Wyświetl Pojedyńczy Post
Stary 01-08-2011, 23:25   #61
Vantro
 
Vantro's Avatar
 
Reputacja: 1 Vantro ma w sobie cośVantro ma w sobie cośVantro ma w sobie cośVantro ma w sobie cośVantro ma w sobie cośVantro ma w sobie cośVantro ma w sobie cośVantro ma w sobie cośVantro ma w sobie cośVantro ma w sobie cośVantro ma w sobie coś
cz. 4

Idąc podziwiała latarnie gazowe, jedną, drugą, trzecią... aż jej wzrok zatrzymał się przy dziewczynie opierającej się o jedną z podziwianych latarni. Dziewczyna jak dziewczyna zbytnio Vicky nie zainteresowała jednak jej strój... no cóż to już co innego. Młoda panienka chwyciła służkę za łokieć i zanim się ta obejrzała już stały przed nieznajomą dziewczyną, którą panna von Strom z uwagą oglądała od czubków pantofelków aż po czubek głowy.
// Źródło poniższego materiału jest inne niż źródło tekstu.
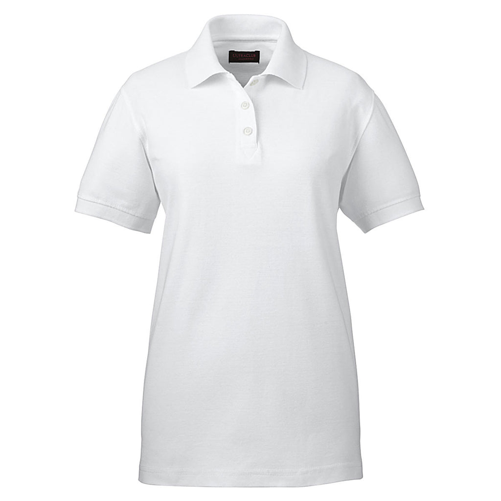 The double-needle bottom hem and half-moon patch on the UltraClub Women's White Whisper Pique Polo will generate interest when you attend professional networking events. Take advantage of the interest by attaching your corporate logo to the large imprint area. Custom prospects will connect your company with quality products and services. The feminine fit feels snug, but always comfortable to make you feel fresh throughout your hectic day. Easy to care for cotton and polyester pique fabric resists the types of rips and tears that ruin other corporate apparel. Contoured flat-knit collar and cuffs complete the fashion features for the polo.Corresponding Men's Style: UltraClub Men's White Whisper Pique Polo

Spojrzenie dziewczyny przesuwało się po stojącej panience kiedy to Victoria uwagą w milczeniu oglądała jej strój marszcząc przy tym brwi.
- Ładna, prawda? - mruknęła wreszcie Vicky w przestrzeń ni to do Belli ni do stojącej przed nią nieznajomej.
-Ładne ładne to miasto... i głośne.-rzekła Bella rozglądając się dookoła nerwowo. Pilnując czy to panienki nie zbliżają się jacyś podejrzani ulicznicy.
-Witaj słodziutka. Szukasz towarzystwa? - panienka do towarzystwa uśmiechnęła się lubieżnie i zaprezentowała swe wdzięki nachylając się do Vicky. Ostatecznie “klient nasz pan”.
- Towarzystwa do czego?- spytała w roztargnieniu młoda szlachcianka dalej kontemplując ubiór kobiety.
-Do łóżka...Potrafię zrobić dobrze i mężczyźnie i kobiecie... za odpowiednią cenę oczywiście.-odparła “damulka”.
-Panience już ma kto robić dobrze. I całkiem nieźle mu to wychodzi.-wtrąciła Bella.
A Vicky stwierdziła równocześnie z nią - Aaaaaa to ty jesteś ta od nieobyczajnej miłości o której mówił ten prawiczek policjant co nam się przygląda. - i pokazała palcem na stojącego w oddali stróża prawa.
Damulka zachichotała zakrywając usta i dodając.- Wolę określenie “dama negocjowalnego afektu”.
- Ciekawe czy jakbym tak cię określiła przedstawiając to jemu czy nadal, by twierdził że łamiesz prawo. - zaczęła się zastanawiać na głos Vicky. -To na ile wyceniasz te swoje negocjacje?
-Wtedy musiał by mnie aresztować, ale zwykle im się nie chce ruszać naszych skromnych osóbek.-rzekła odpowiedzi ulicznica i przesunęła spojrzenie po Vicky.-Hmmm... Pięćdziesiąt funtów za... noc. Lub dwadzieścia za numerek.
- Bello wolisz noc czy numerek? - spytała Vicky przez ramię swoją służkę.
-Ja?! To panienka jest...- burknęła zaskoczona służka.- Mnie wystarczy Bruchnilda, Bastet, czy jak ją tam zwą.
- A co obejmuje numerek? - spytała Vicky odwracając się do stojącej pod latarnią dziewczyny.
Ulicznica nachyliła się i wytłumaczyła do ucha Victorii, że numerek obejmuje jedno zaspokojenie. No i czym to zaspokojenie jest... też wytłumaczyła.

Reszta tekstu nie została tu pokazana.